Oh, Joey loves his stuffies! Too bad I didn't film more Sam fell asleep and started snoring!


----------



## fostermom (Sep 6, 2007)

They are so handsome! I bought stockings this year for the dogs so that I don't have to worry about them finding the presents too early this year.

That last picture is totally precious!


----------



## Thor's Mom (Feb 25, 2007)

Adorable pups and pics! Now where was the present so that Joey could find it?


----------



## Heidi36oh (Feb 27, 2007)

They are both adorable


----------



## ravenchow (Apr 3, 2007)

Awww! Joe has such a beautiful head & coat!

Jody


----------



## TheHooch (May 9, 2007)

Great pictures. Early presents are also good.


----------



## norabrown (Jul 20, 2007)

I love Joe's furrowed brow. What a handsome boy!

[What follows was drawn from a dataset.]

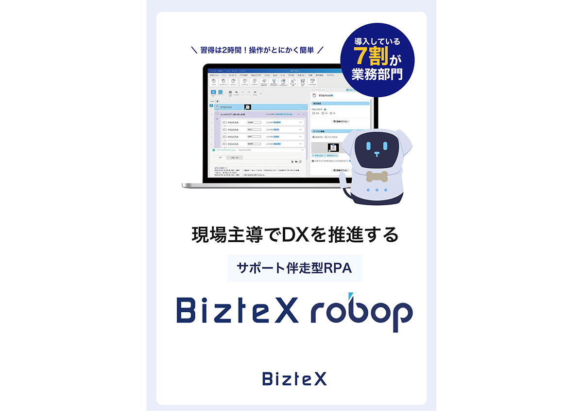 BizteX robopは、プログラミングの専門知識不要で、約2時間で基本操作をマスターできるデスクトップ型RPAです。

Love the other pictures too.


----------



## Bailey & Bentley (Feb 25, 2007)

Awwww, they are just awesome! What big cuddle bunnies. Gorgeous goldens you have there!


----------



## BeauShel (May 20, 2007)

He is so cute getting caught with his present. They are just like little kids. Bama knows there is stuff in my closet and keeps going in there if the door is open. I have had to put them on the top shelf to keep him out of them. 
He stole one of the secret santa gifts when I was wrapping them. Thank goodness they came in a 6 pack so I had extra.


----------



## MaddieMagoo (Aug 14, 2007)

Uh-OH!! Somebody was snooping for their presents!! 

I'm sure most of us has done snooping back in our day! (hint hint)


----------